This is the fourth flood outlook for the 2017 winter/spring
season. Flood outlooks are issued bi-weekly by the National
Weather Service in Burlington Vermont to summarize the flood
potential due to snowmelt and break up of river ice across central
and northern Vermont and northern New York.

...Overview...

The flood potential due to snowmelt is near to above normal. The
flood potential due to ice jams is near to above normal.

...Snow Depths and Water Equivalent...

The snowpack has built over the past few weeks and is currently at
its winter maximum across the entire area. Snow depths in the
Adirondacks of northern New York and in the northern Green
Mountains of Vermont into the Northeast Kingdom were 24 to 36
inches over the higher terrain, and 12 to 24 inches in the
valleys. Mountain summits in these areas were covered in six feet
or more of snow. There are 6 to 12 inches of snow in the Saint
Lawrence valley, 8 to 16 inches in the Champlain valley.

Snow water equivalent, or the amount of water held by the
snowpack, was 3 to 6 inches in the valleys of the Adirondacks and
northern Vermont and 5 to 10 inches in the higher terrain mainly
above 2000 feet. Isolated mountain summits had a foot to as much
as 18 inches of liquid in the snow pack. In central Vermont the
snow had a liquid water content of 1 to 3 inches in the valleys
and 3 to 6 inches in the higher terrain. The Champlain and St.
Lawrence valleys had 1 to 3 inches of water in the snow cover.

The snowpack is deep and contains above normal amounts of water.

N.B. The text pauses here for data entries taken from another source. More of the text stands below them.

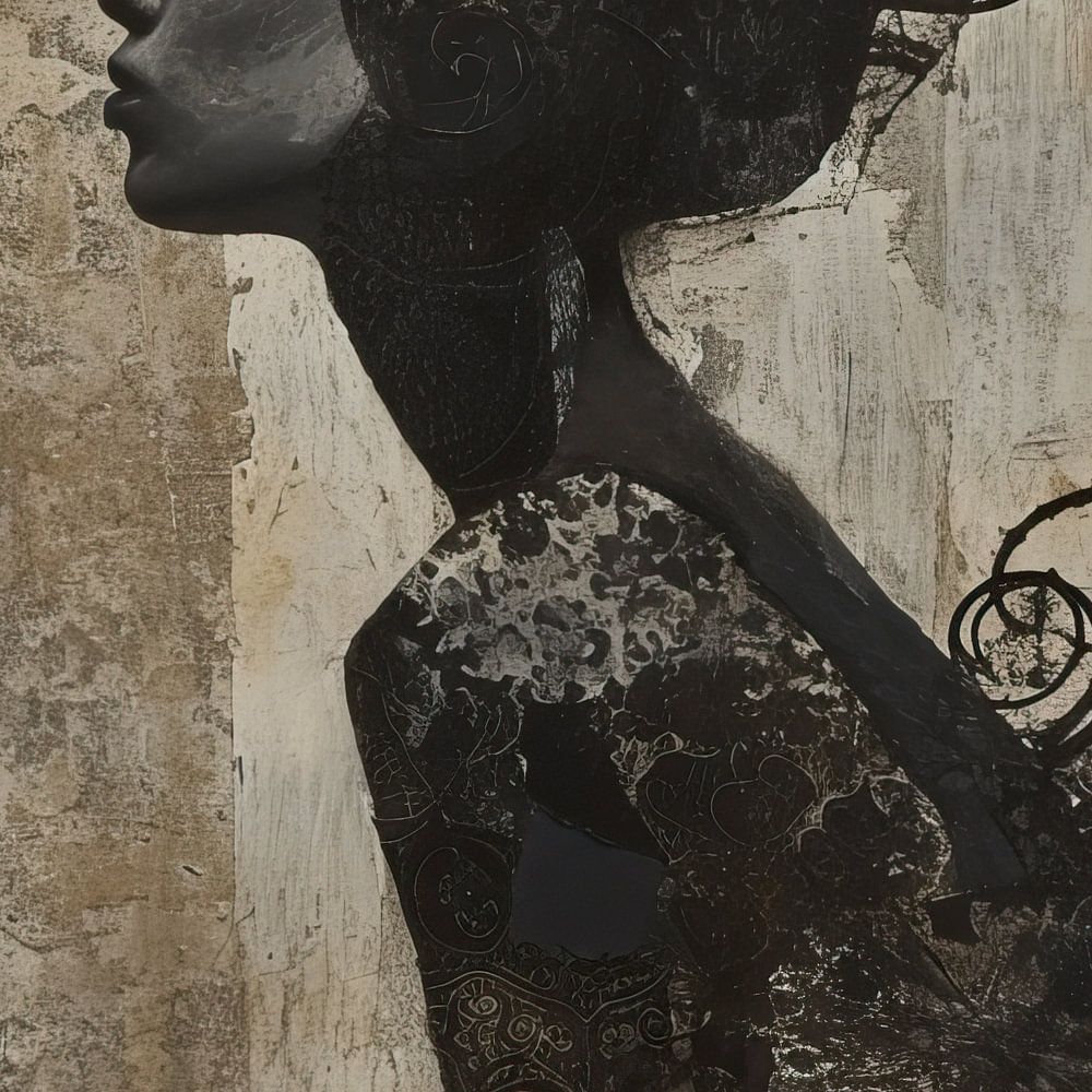 Details: Frau, Silhouette, Muster, modern, Textur, Kunst, schwarz, weiß, beige
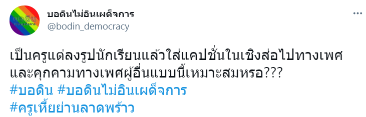 ทวิตเตอร์ดังกล่าว ได้เผยแพร่แคปชั่นของครูโรงเรียนหนึ่งย่านลาดพร้าว ที่มีพฤติกรรมไม่เหมาะสม โดยมีการถ่ายรูปนักเรียนแล้วมาโพสต์ พร้อมเขียนแคปชั่นด้วยข้อความที่คุกคามทางเพศ และแคปชั่นแนว 18+ รวมถึงใช้คำพูดที่แสดงถึงความไม่รับผิดชอบต่อหน้าที่ของการเป็นครูออกมาอย่างชัดเจน อีกทั้งยังเคยไล่เด็กไปตายอีกด้วย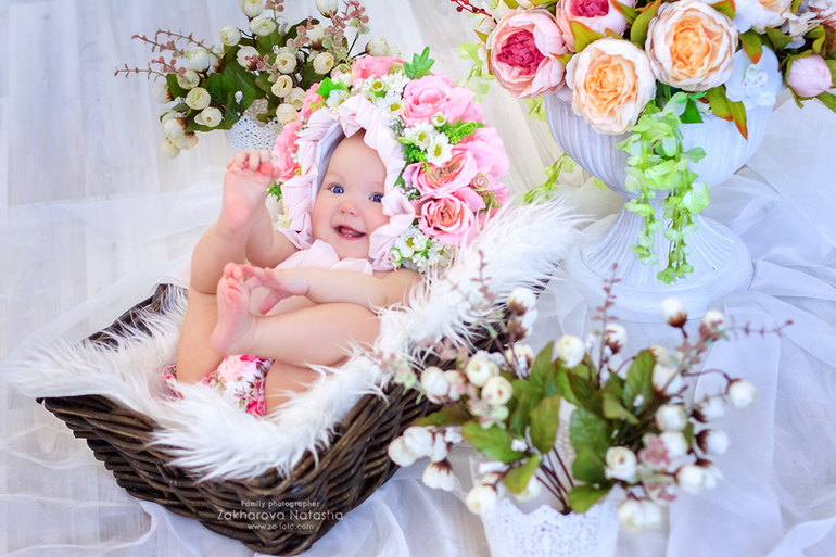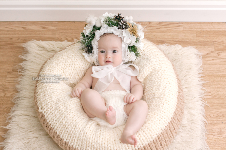 Домашняя фотосессия в Люберцах. Малышке с красивым именем всего 3 месяца. Аксессуары и реквезит я сделала своими руками (боди, гнездышко, плед).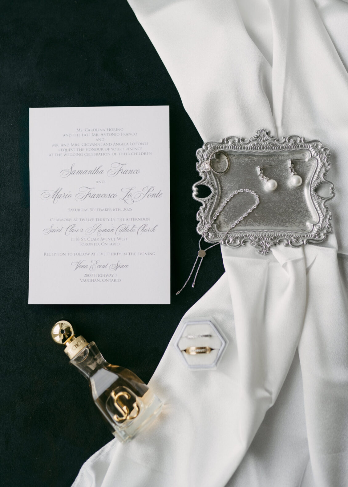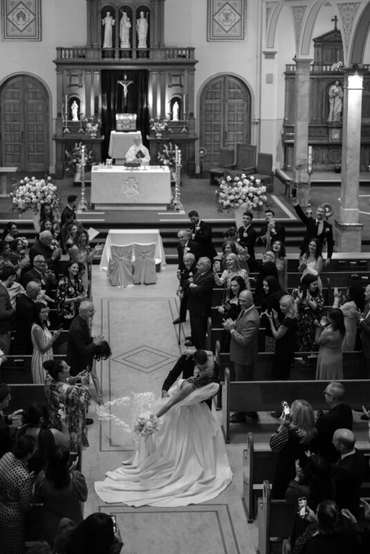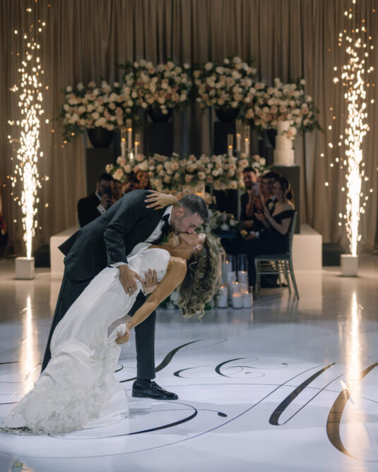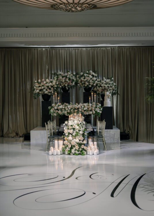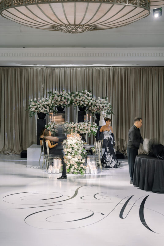 Every moment of this romantic and modern Toronto ballroom wedding was layered with intention and personal storytelling. Samantha made a breathtaking entrance into the church to the sound of a live violinist playing from above, a cinematic moment that set the tone for the day. The celebration unfolded with bespoke details including a custom monogrammed dance floor, dramatic fire elements during the first dance, and a grand late-night Italian feast complete with porchetta, Brio Italian sodas, and a decadent pastry tower.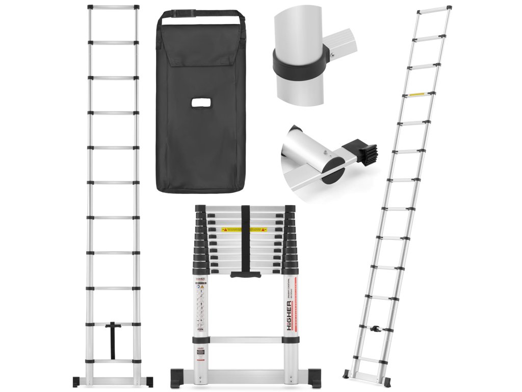 Hledáte do své domácnosti kompaktní, lehký a přitom univerzální nástroj pro práce ve výškách? Teleskopický žebřík HIGHER je jasnou volbou. Díky své moderní konstrukci, která se skládá z hliníkových trubek různých průměrů, můžete tento žebřík snadno složit do neuvěřitelně malé velikosti. Jeho elegantní černé pouzdro navíc usnadňuje jak přepravu, tak i skladování. A nejlepší na tom všem? Nejste omezeni vlastnictvím dílny, celého sklepa nebo garáže. Tento žebřík nevyžaduje speciální rukojeti pro přepravu. Můžete ho jednoduše zasunout pod postel, uložit do skříně nebo ho nechat v kufru auta. A jakmile ho budete potřebovat, stačí ho vytáhnout z pouzdra a přenést na místo určení. Práce ve výškách tak bude hračkou! Zní to dobře, že?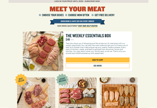 Good Ranchers offers 14 subscriptions and three gift boxes, thoughtfully designed with portion sizes and delivery frequency in mind. Based on your selected box, you can opt for a one-time delivery or regular shipments ranging from weekly to every eight weeks.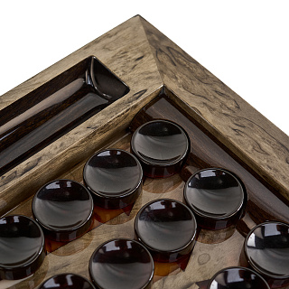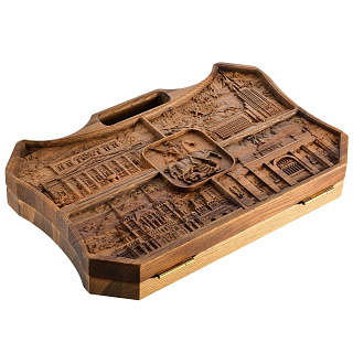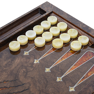 В этом собрании Вы найдете как классические, оформленные в строгом и одновременно элегантном стиле нарды, так и совершенно фантастические экземпляры, с нетривиальным дизайном. Каждая работа, вошедшая в собрание, создавалась по эксклюзивному эскизу. Для изготовления досок и фишек мастера использовали специально отобранную древесину ясеня, березы, дуба и других дорогостоящих пород дерева.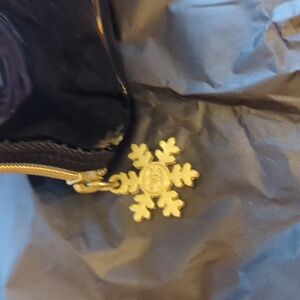 Sleek black CHANEL Beauté pouch. Glossy finish with gold snowflake zipper charm. Ideal for makeup storage. New in original packaging. Never used, super shiny patent leather.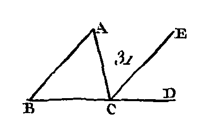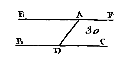Soit A (fig. 30) le point donné et BC la droite donnée : il faut par le point A conduire une droite parallèle à la droite BC. Prenez sur la droite BC un point quelconque t), et menez AD ; construisez sur la droite DA et en tin point A un angle DAE égal à l'angle ADC, et prolongez la droite AF dans la direction de EA. Puisque la droite AD tombant sur les deux droites BC, EF fait les angles alternés EAD, ADC égaux entre eux, la droite BC sera parallèle à la droite EF (prop. 27). Donc par le point donné A, la droite EAF a été menée parallèle à la droite donnée BC, ce qu'il fallait faire. PROPOSITION XXXII.THÉORÈME,Ayant prolongé un côté d'un triangle quelconque, l'angle extérieur est égal aux deux angles intérieurs et opposés, et les trois angles intérieurs du triangle sont égaux à deux droits.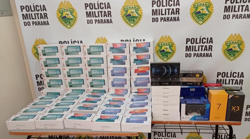 Durante buscas no interior do veículo, foi localizado no porta malas, duas malas de viagem cheias de aparelhos eletrônicos sendo a maioria aparelhos celulares, avaliados em aproximadamente 45 mil reais.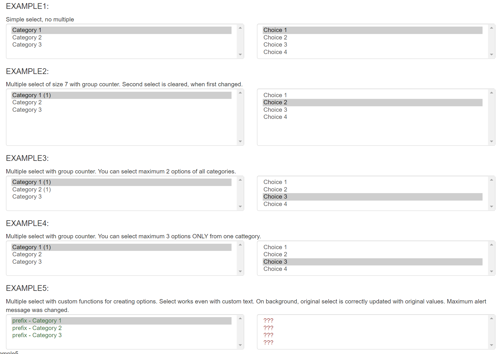 Multiple select with group counter. You can select maximum 2 options of all categories.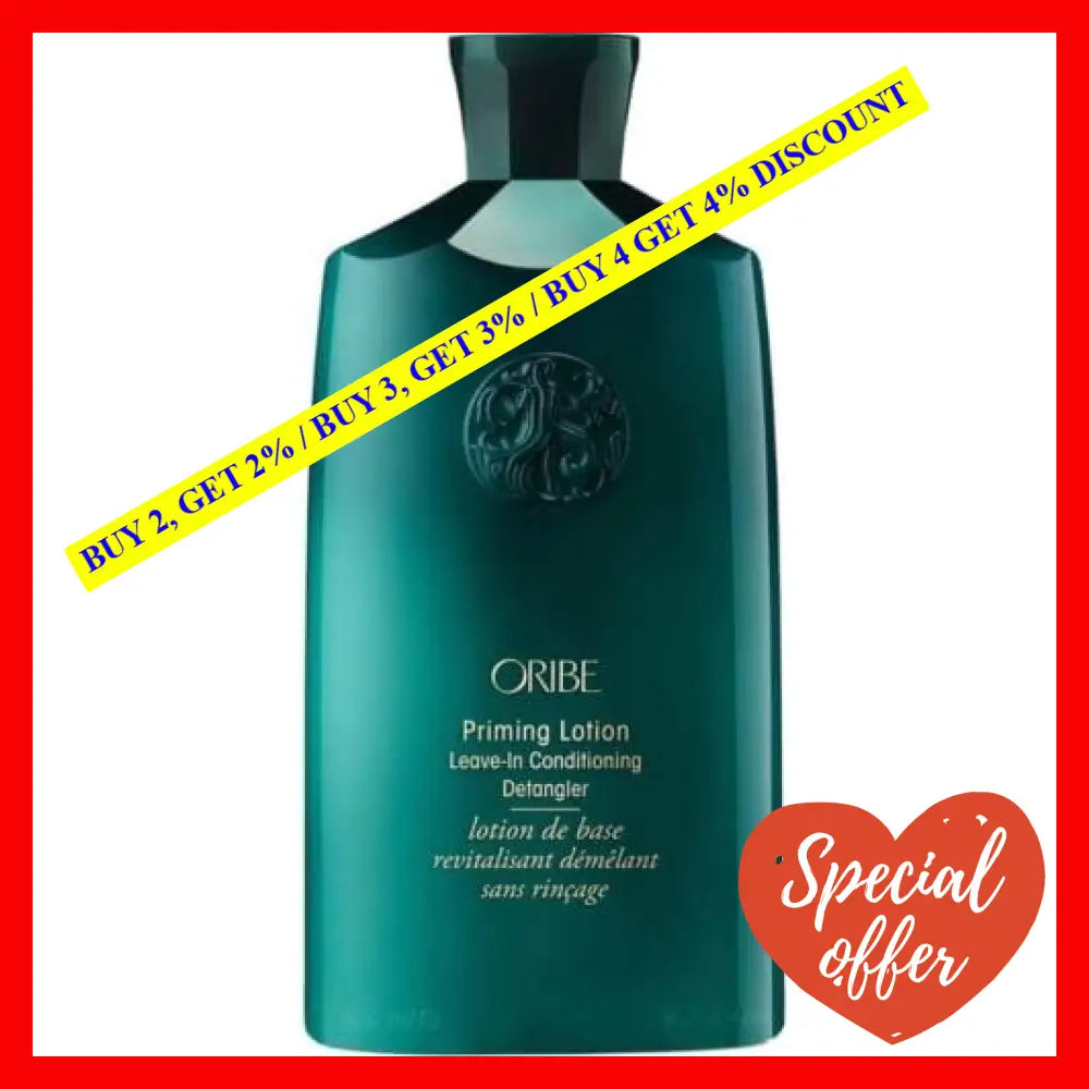 Oribe Priming Lotion Leave-In Conditioning Detangler is an incredible 8.5 oz detangler that has been specifically designed to provide excellent conditioning to your hair. The product is ideal for both men and women and can be used by anyone looking for a hassle-free hair styling experience.\n\nThis unique conditioning formula contains a host of natural ingredients that help to hydrate, nourish, and strengthen your hair. It is infused with Oribe's Signature Complex, which includes watermelon, lychee, and edelweiss flower extracts that work together to protect your hair from damage caused by environmental factors like pollution, UV rays, and heat styling tools.\n\nThis lightweight detangler also contains keratin and hydrolyzed vegetable protein that help to repair and fortify your hair from the inside out. It effectively detangles your hair, making it incredibly easy to comb and style while preventing breakage and split ends. The Priming Lotion Leave-In Conditioning Detangler by Oribe is free from parabens, sulfates, and sodium chloride, making it safe and gentle enough for daily use.\n\nTo use this product, simply apply it to your hair and work it through with your fingers or a wide-tooth comb. You can leave it in your hair all day for maximum benefit or rinse it out after a few minutes for a quick conditioning treatment. The result is healthy, shiny, and lustrous-looking hair that is easy to manage and style.

...River and Soil Conditions...

River flows are generally running near to above normal. Recent
cold temperatures have built ice cover on area rivers. Across
Northern New York state and Northern Vermont, ice thicknesses of 6
to 12 inches are common. Notable ice jams remain in place along
the Missisquoi River at East Berkshire Vermont and the East branch
of the Ausable River near Ausable Forks New York.

Soils are generally frozen, with ground frost sensors showing
frost depths between 6 to 12 inches deep.

Although long term precipitation deficits continue with a
majority of the North Country designated abnormally dry to
moderate drought, precipitation the last couple weeks has been
above normal. Ground water levels have rebounded from late summer
low levels, and USGS monitoring wells show most ground water
levels across the North Country being below normal to near normal.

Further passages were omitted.